Когда он затворял за собой дверь своей комнаты, часы начали бить.

Он внимательно прислушивался к бою часов, ибо свеча не освещала камина, над которым они висели, и насчитал десять ударов.

«Хорошо, – подумалось ему, – я не опоздаю».

Но все же он, как видно, решил не терять времени. В камине все уже было приготовлено, и как только он поднес к дровам лист горящей бумаги, они запылали. Затем Морган зажег четыре свечи, то есть все имевшиеся в комнате; две свечи он поставил на камин, а две другие – на стоящий напротив комод; выдвинув ящик, он вынул оттуда и стал раскладывать на постели полный костюм «невероятного», сшитый по последней моде.

Это были: сюртук нежного бледно-зеленого цвета, переходящего в жемчужно-серый, с прямоугольным вырезом спереди и очень длинный сзади; светло-желтый жилет из панбархата, застегивающийся на восемнадцать перламутровых пуговиц; огромный галстук из тончайшего батиста; панталоны в обтяжку из белого казимира, перехваченные пышными лентами над самыми икрами; жемчужно-серые шелковые чулки с косыми бледно-зелеными полосками под цвет сюртука и изящные туфли с бриллиантовыми пряжками.

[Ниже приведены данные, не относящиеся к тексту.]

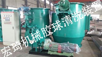 膠球清洗裝置還可以實現(xiàn)自動化運行,主要靠PLC模塊自動化控制,電動二次濾網(wǎng)在進水口配有差壓變送器。當電動二次濾網(wǎng)網(wǎng)面通流面積減少時,達到設(shè)計差壓值時,差壓變送器將信號傳送給PLC,PLC模塊指令啟動電動二次濾網(wǎng)傳動機構(gòu),同時打開電動排污閥進行排污。當差壓值恢復(fù)時,差壓變送器將信號傳送給PLC模塊,PLC模塊指令停止電動二次濾網(wǎng)旋轉(zhuǎn),關(guān)閉電動排污閥。PLC同時配有時間實施計劃,膠球清洗投用可設(shè)置二級時間保護,時間設(shè)計范圍可以設(shè)置10-999小時自動投用一次。投用時間可設(shè)置為15-30分鐘,投用時間設(shè)置:PLC指令打開裝球室前置電動球閥,同時將信號傳送給膠球輸送泵,啟動膠球輸送泵。同時打開循環(huán)水進水管道上電動投球閥,當正常運行后PLC指令打開裝球室出口電動球閥,循環(huán)水管道回水管道上裝有收球閥,PLC設(shè)置時間清洗為15-30分鐘后。PLC指令關(guān)閉裝球室的電動閥門,PLC再指令關(guān)閉電動投球閥門,再指令關(guān)閉收球電動閥門、其次PLC指令停止膠球泵。

Тут же красовался неизбежный лорнет.

Шляпа была из тех, какие водружает на голову щеголей времен Директории Карл Верне.

Когда все предметы туалета были разложены, Морган «тал кого-то поджидать, проявляя нетерпение.

Минут через пять он позвонил; вошел коридорный.

– Что, цирюльник не приходил? – спросил Морган. В ту эпоху парикмахеров еще называли цирюльниками.

– Приходил, – отвечал коридорный, – да вас еще не было, и он обещал вернуться. Но как раз, когда вы позвонили, кто-то постучал в дверь, наверное, это он.

– Вот и я! Вот и я! – послышался голос на лестнице.

– Браво! – воскликнул Морган. – Входите, метр Каднет! Вы должны сделать из меня некое подобие Адониса.

– Это будет нетрудно, господин барон, – ответил цирюльник.

– Вы, я вижу, хотите непременно меня подвести, гражданин Каднет!

– Господин барон, умоляют вас, зовите меня попросту Каднет, этим вы окажете мне честь, и я буду чувствовать себя с вами непринужденно. Только не зовите меня гражданином! Фи! Ведь это революционное обращение, а я даже во время террора всегда называл свою супругу госпожой Каднет. Прошу прощения, что я не дождался вас, но ведь нынче вечером состоится большой бал на Паромной улице, бал жертв (цирюльник сделал ударение на последнем слове). Я полагаю, господин барон тоже будет там.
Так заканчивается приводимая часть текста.